27/03/2025
📺 Médias mainstream : chiens de garde ou chiens de salon ?
Pendant que les grands médias tapotent nerveusement leurs éditos, ils désignent un nouvel ennemi à abattre : les réseaux sociaux.
Et pour ça, ils sortent le pire du pire, soigneusement monté, coupé, dramatisé :
Des enfants en souffrance sur TikTok,
Des filtres qui transforment en caricature,
Des ados qui se désagrègent en direct.
Ils vous disent alors, en fronçant les sourcils :
“Voyez comme c’est dangereux. Voyez comme le monde part à la dérive.”
Mais ne vous y trompez pas.
Ce qu’ils craignent vraiment, ce n’est pas TikTok.
Ce qu’ils craignent, c’est vous.
Vous, qui posez des questions, qui cherchez des sources, qui partagez un article intelligent, une analyse solide, un extrait de Sénèque, ou un graphique sur les dépenses publiques.
🛋️ Et pendant ce temps-là, bobonne reste figée devant la télé
La fameuse phrase revient comme un refrain :
“Moi, les réseaux sociaux, j’y vais pas, je regarde le journal, c’est plus sérieux.”
Mais enfin…
Quand on croit s’informer en regardant deux chroniqueurs hurlant sur une réforme qu’ils n’ont pas lue,
Quand on confond flash info et analyse,
Quand le sacro-saint JT devient un clip promotionnel pour le pouvoir ou pour les labos,
… peut-on encore se permettre de ricaner des réseaux sociaux ?
🧠 L’ignorance, cet o***m moderne...
La vraie drogue de notre époque, ce n’est pas seulement la cocaïne dans les beaux quartiers, ou le s**t dans les banlieues.
C’est l’ignorance volontaire.
C’est le confort de ne pas savoir, de ne pas lire, de ne pas douter.
C’est le sport comme exutoire, pour hurler sur un ballon rond pendant que les vraies décisions sont prises dans votre dos.
“Du pain et des jeux”, disaient les Romains.
Aujourd’hui, c’est plutôt des nuggets et de la Ligue des Champions.
📚 Remettons les lettres de noblesse au savoir
Ce qui dérange, ce n’est pas l’information.
C’est l’autonomie intellectuelle.
Et donc, elle est méthodiquement démantelée.

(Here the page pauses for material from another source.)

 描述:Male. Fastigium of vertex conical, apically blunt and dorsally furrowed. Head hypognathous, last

Dans les écoles : on nivelle, on “simplifie”, on “décloisonne” — traduisez : on désapprend.
Dans les médias : on divertit, on choque, on épuise.

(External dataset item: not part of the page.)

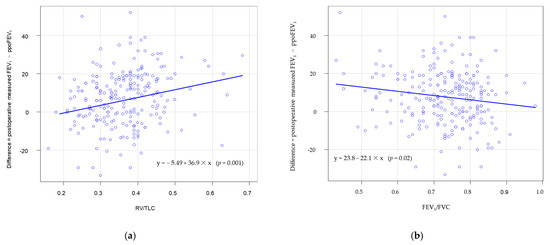 In the univariate linear regression analysis (Table 4), preoperative FEV1 (p = 0.032), FEV1/FVC (p = 0.020) showed a significant negative correlation, and RV/TLC (p = 0.001) showed a significant positive correlation with a difference. The scatter plot for difference and RV/TLC is presented in Figure 1a. The scatter plot for FEV1/FVC is provided in Figure 1b. In the multiple linear regression analysis (Table 4), RV/TLC was the only significant variable that was positively correlated with statistically significant difference (p = 0.004).

Sur les réseaux : on n’offre au public que la fange, jamais la pépite.
Mais l’IA, les réseaux, la technologie… peuvent être des miracles.

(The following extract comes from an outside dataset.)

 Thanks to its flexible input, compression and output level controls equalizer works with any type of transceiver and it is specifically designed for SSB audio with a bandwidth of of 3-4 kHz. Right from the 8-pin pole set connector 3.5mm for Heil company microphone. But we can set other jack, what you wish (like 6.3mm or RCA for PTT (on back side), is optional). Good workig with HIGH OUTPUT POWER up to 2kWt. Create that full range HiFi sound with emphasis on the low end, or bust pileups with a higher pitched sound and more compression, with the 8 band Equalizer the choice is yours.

Avec un bon moteur de recherche, vous pouvez accéder à tout Platon, à tous les budgets de l’État, à toutes les thèses scientifiques.
Avec un peu de curiosité, vous pouvez devenir plus informé qu’un député, plus lucide qu’un éditorialiste.
Mais voilà.
Ce pouvoir effraie.
Alors on vous le dénigre, on vous l’empoisonne, on vous le caricature.
🗣️ Conclusion : ne vous laissez pas confisquer l’intelligence
Le savoir n’est pas un privilège, c’est une arme.
L’effort de comprendre est un acte de résistance.
Et refuser la paresse intellectuelle, c’est déjà une forme de rébellion.
Alors, partagez mieux. Apprenez encore. Débusquez les intox. Corrigez les erreurs.
Et surtout :
ne laissez pas les élites jouer seules avec les outils du monde moderne.
Ce serait le plus grand su***de collectif de l’Histoire.